Compared with our predecessors, we know a lot more about food safety and have better equipment to keep foods cold and safe. If you are thinking about enjoying an old-fashioned picnic, consider these tips:

·         Plan your menu with safe food handling in mind. Be sure to keep high-moisture, high-protein foods such as meat, fish and poultry in zip-top bags or sealed containers in an ice-filled chest separate from ready-to-eat foods. If you are preparing hamburgers, shape the patties at home. If salads are on your menu, be sure to keep them in sealed containers on ice.

·         Find out if there is running water at your picnic site for use in washing your hands, cleaning utensils and preparing food. If not, plan your menu accordingly or bring some water in gallon containers. Disposable hand wipes also help clean hands before eating.

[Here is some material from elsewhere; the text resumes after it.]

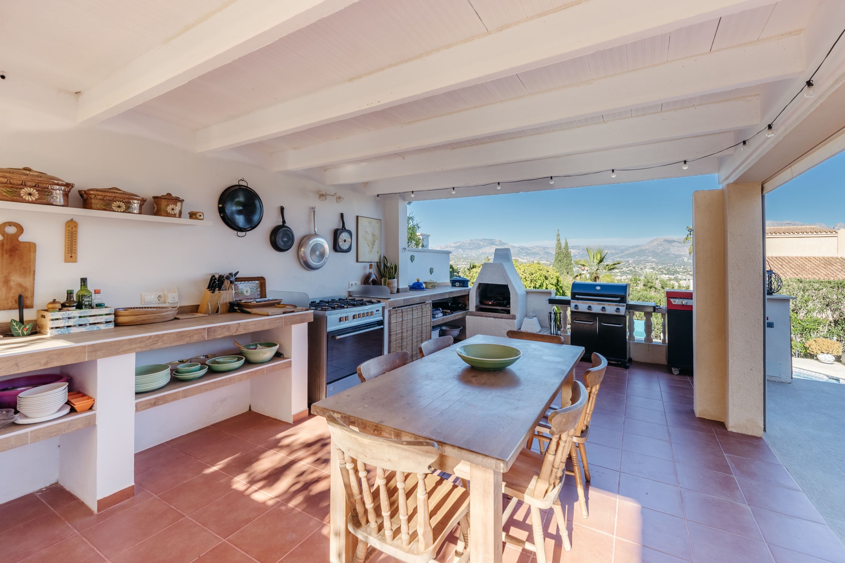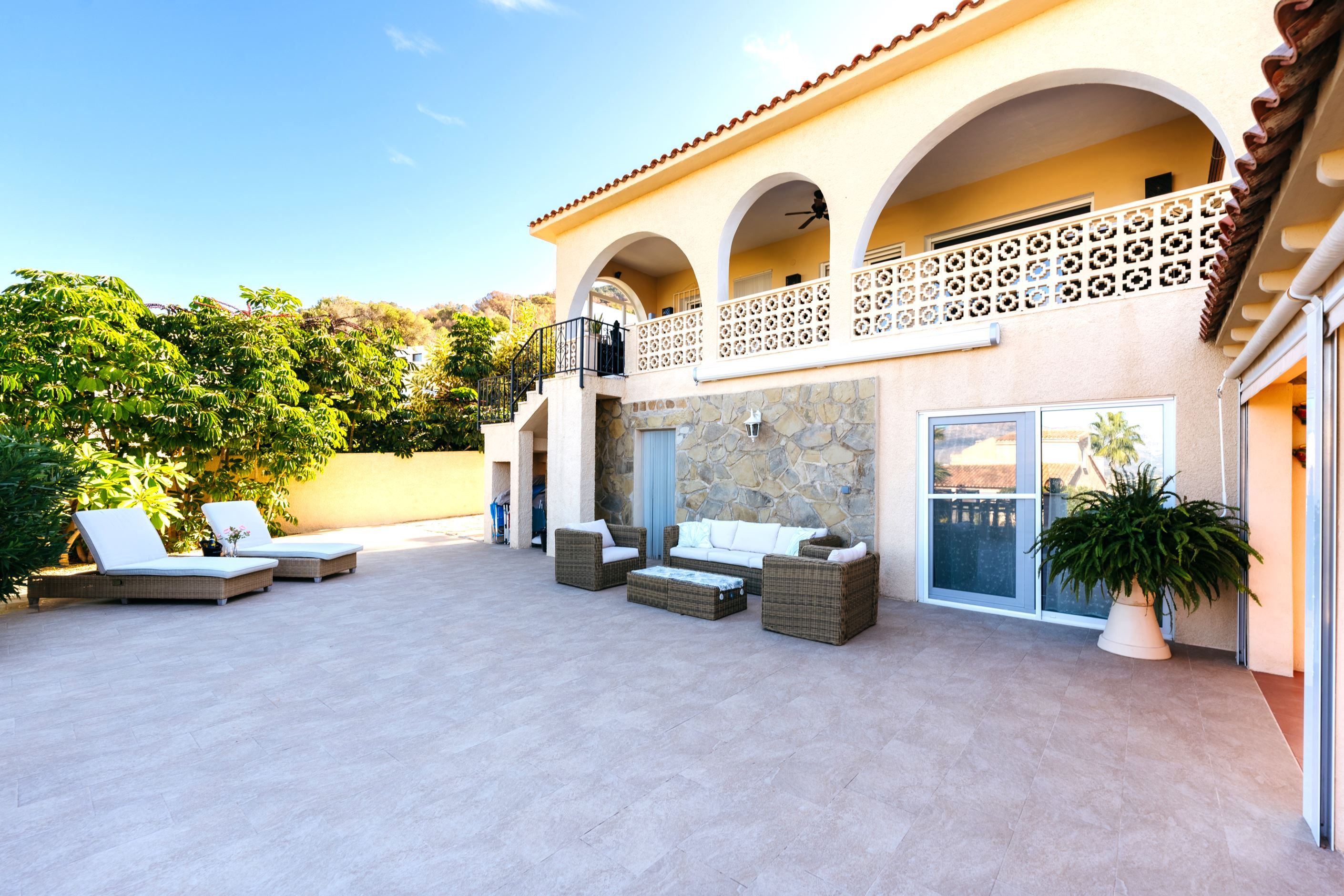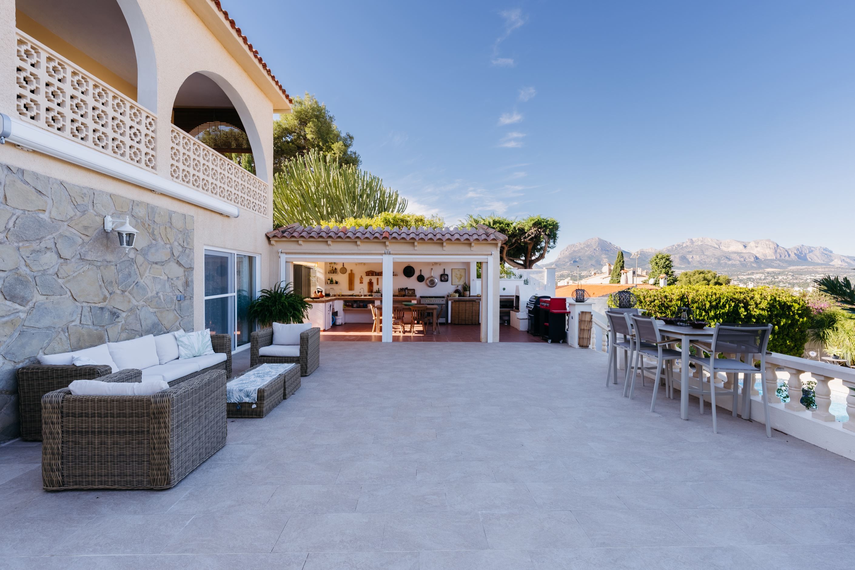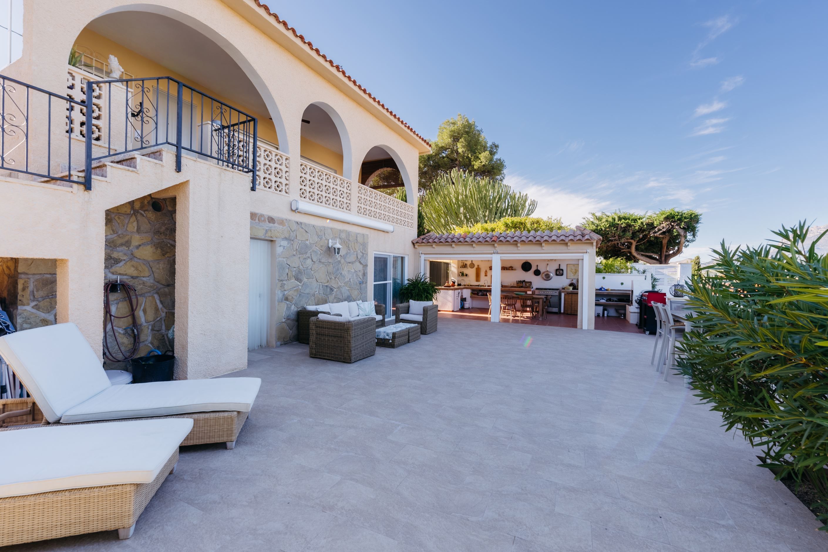 Villans exteriör är en riktig pärla som inbjuder dig att njuta av utomhuslivet. Med en privat pool, flera soliga terrasser och ett imponerande utekök är det den perfekta platsen för Medelhavets somrar. Dessutom erbjuder den rymliga trädgården tillräckligt med utrymme för att koppla av, leka eller njuta av oförglömliga stunder med familj och vänner - ett hus med allt du behöver för att skapa ditt perfekta hem!

·         When packing food for your picnic, avoid cross-contamination. Place meat in leak-proof containers away from ready-to-eat foods such as buns and cookies.

·         Avoid placing raw meat packages in the same containers with soda pop cans because the meat juices could get on the cans and travel to your mouth.

·         Keep cold foods cold. On hot days (90 degrees and above), perishable food can be held safely on the serving table for no more than an hour.

·         Bring your food thermometer. Cook foods to safe temperatures for quality and safety reasons. Burgers should reach an internal temperature of 160 F, chicken and other poultry should reach 165 F and beef steaks and pork chops should reach an internal temperature of 145 F.

Potato salad is an old standby for picnic goers.  Years ago, mayonnaise was made with raw eggs, which can carry salmonella bacteria. Today's mayonnaise is acidic and made with pasteurized eggs, making it rarely the culprit in foodborne illness outbreaks. Usually dirty hands, cross-contamination and improper storage temperatures lead to the issues associated with salads.